Posted on November 1, 2016 by Errol Castens under Community, People
2 Comments

It’s outside most people’s comfort zones to consider their own mortality. There’s one related decision you can make, however, that can make that uncomfortable contemplation quite satisfying.

Donate your body to science, and it can be your final public service. As a bonus, Coleman Funeral Home will provide a free memorial service.

My parents decided to sign up for the University of Mississippi School of Medicine’s Anatomical Donation Program. Mama, known to others as Sarah Lou Castens, made her decision when I was at University Medical Center after a serious accident in 1978. Even then there was more need than supply for bodies for medical students to study. She talked it over with people she trusted and then made her wishes known in writing and face-to-face. Daddy, aka Lynn Castens, agreed with Mama’s reasoning and made similar arrangements.

 

The University of Mississippi Medical School uses donated bodies to train the next generation of healthcare professionals.

The University of Mississippi School of Medicine uses donated bodies to educate the next generation of healthcare professionals about human anatomy.

 

Both my parents lived many more years, and both spent their last days at home with my wife and me. The evening Daddy died, our wait for the UMC transport van driver afforded us a pause for relief and reflection. For those two or three hours, my wife and son and I sat around the kitchen table with Daddy’s hospice nurse and our coroner, Rocky Kennedy. I told stories about Daddy, and we made a toast with a bottle of wine I’d been given years before. It was a genuinely comforting time.

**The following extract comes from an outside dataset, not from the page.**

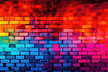 Brick Wall In Sunset Blaze Neon Colors
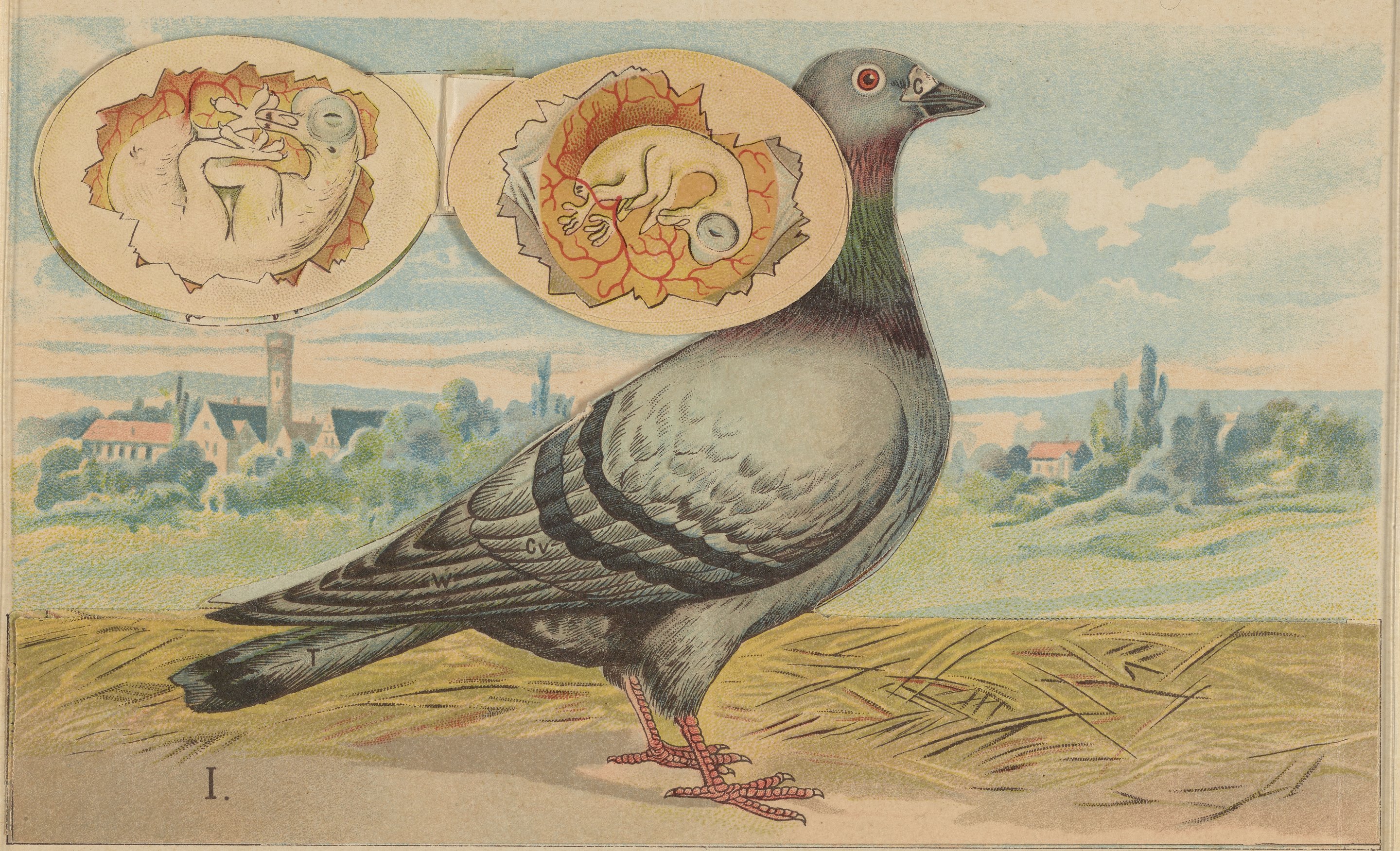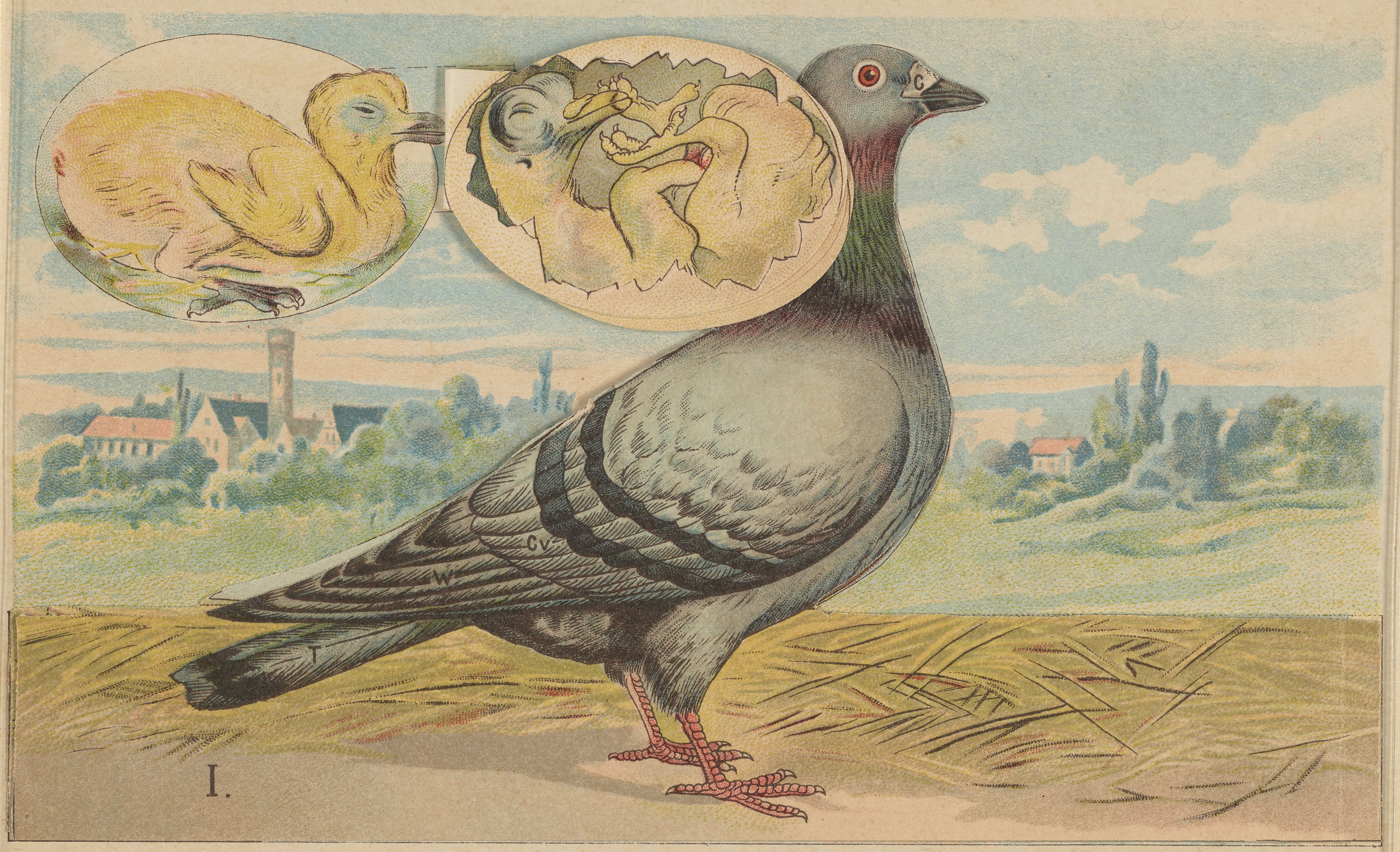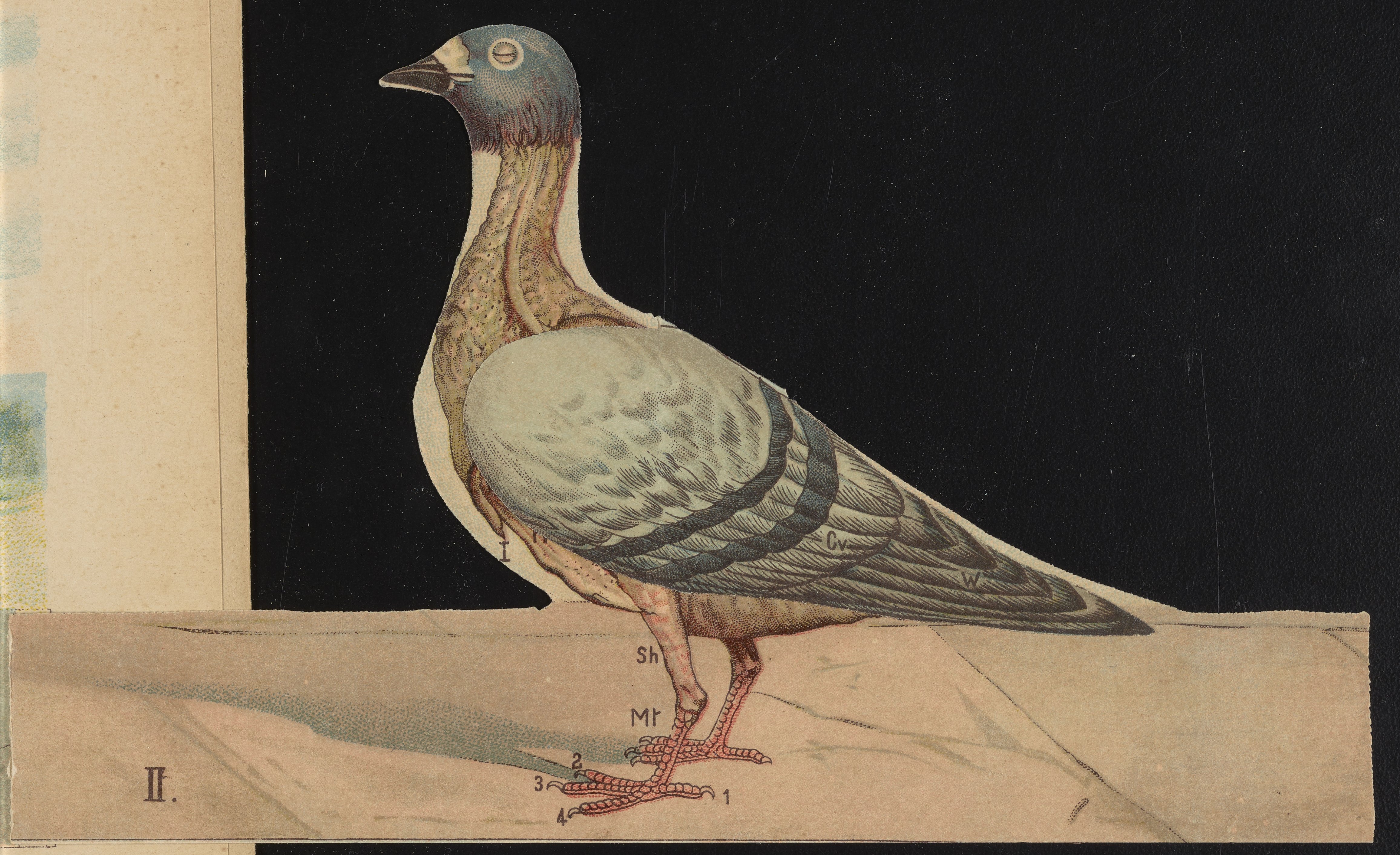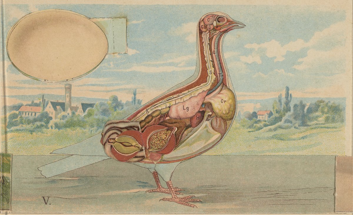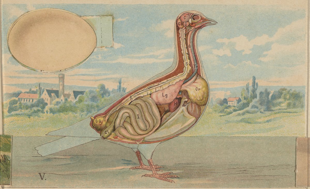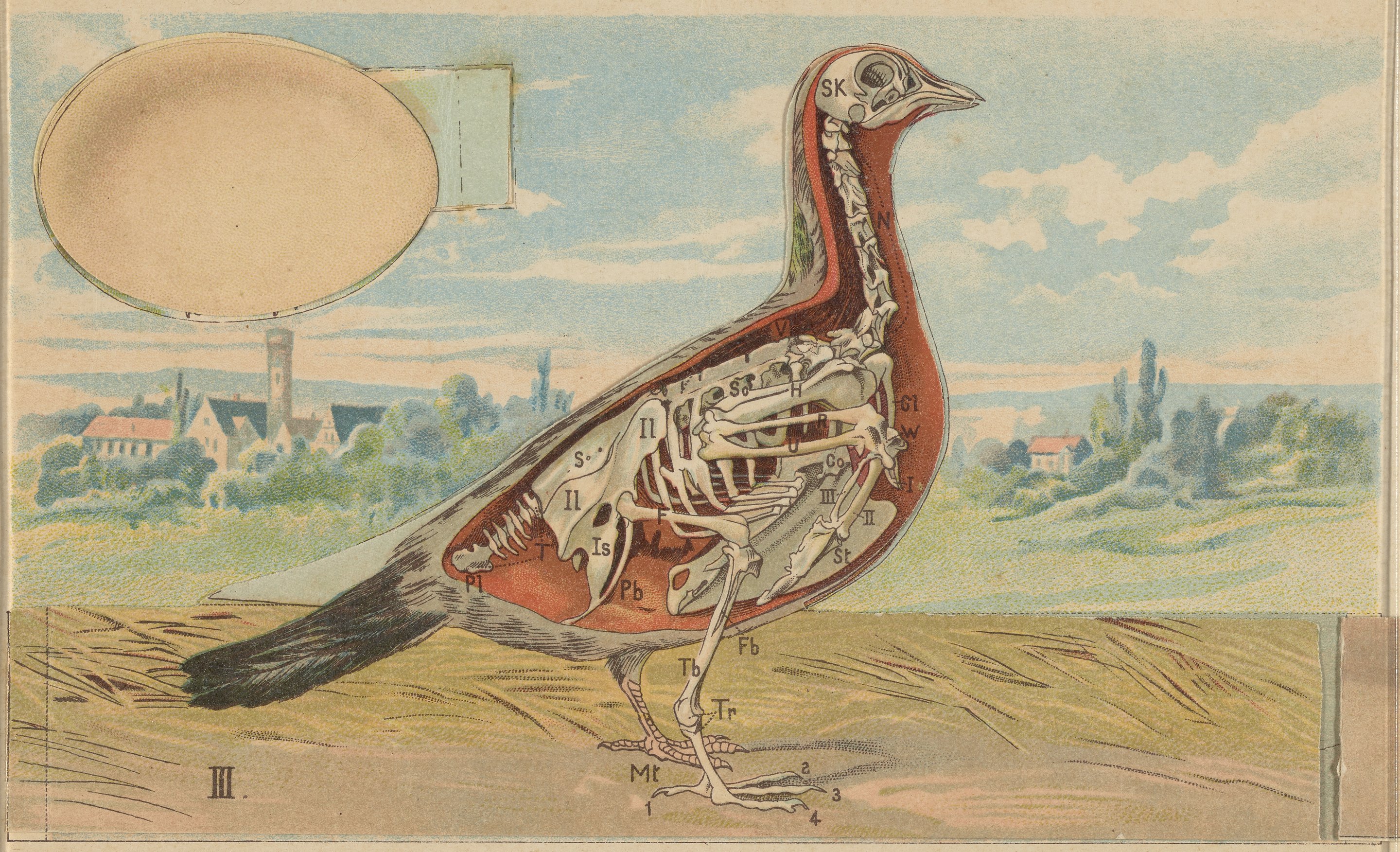 Small JPG1200 x 453px — 85.7 KBLarge JPG2880 x 1087px — 393 KBFull-sized JPG8895 x 3358px — 3.0 MBOriginal fileTIFF — 8895 x 3358px — 85.5 MBItalian-language book on the anatomy of the pigeon. It includes a color illustration of a pigeon and a pigeon egg. The pigeon is composed of two large, double-sided flaps and a series of smaller flaps, each of which lifts to reveal the anatomical layer beneath it, from the pigeon's outer body to its skeleton, vascular system, muscles, and internal organs. The egg is composed of three double-sided flaps that depict the stages of embryonic development.

Without burial-related time constraints, memorials for my parents could be held on weekends when it was convenient for faraway friends and relatives. When the medical school was done with their bodies, cremated remains were returned to me so Mama and Daddy could be buried in the rural churchyard in which six generations of our family are laid to rest. (If you prefer, your remains can be buried during a memorial ceremony on the UMC campus.)

It’s Our Honor

As a physician, Coleman Funeral Home co-owner Tom Fowlkes knows the value of anatomical donations to medical education. That’s why Coleman Funeral Home will provide a memorial service for any resident of Lafayette County or DeSoto County who donates his or her body to the University of Mississippi School of Medicine. It would be our honor to furnish the venue (and the menu) for your visitation and memorial service at either our Oxford or Olive Branch location, and to help you or your family plan the service, write your obituary and handle scores of other details – all without charge.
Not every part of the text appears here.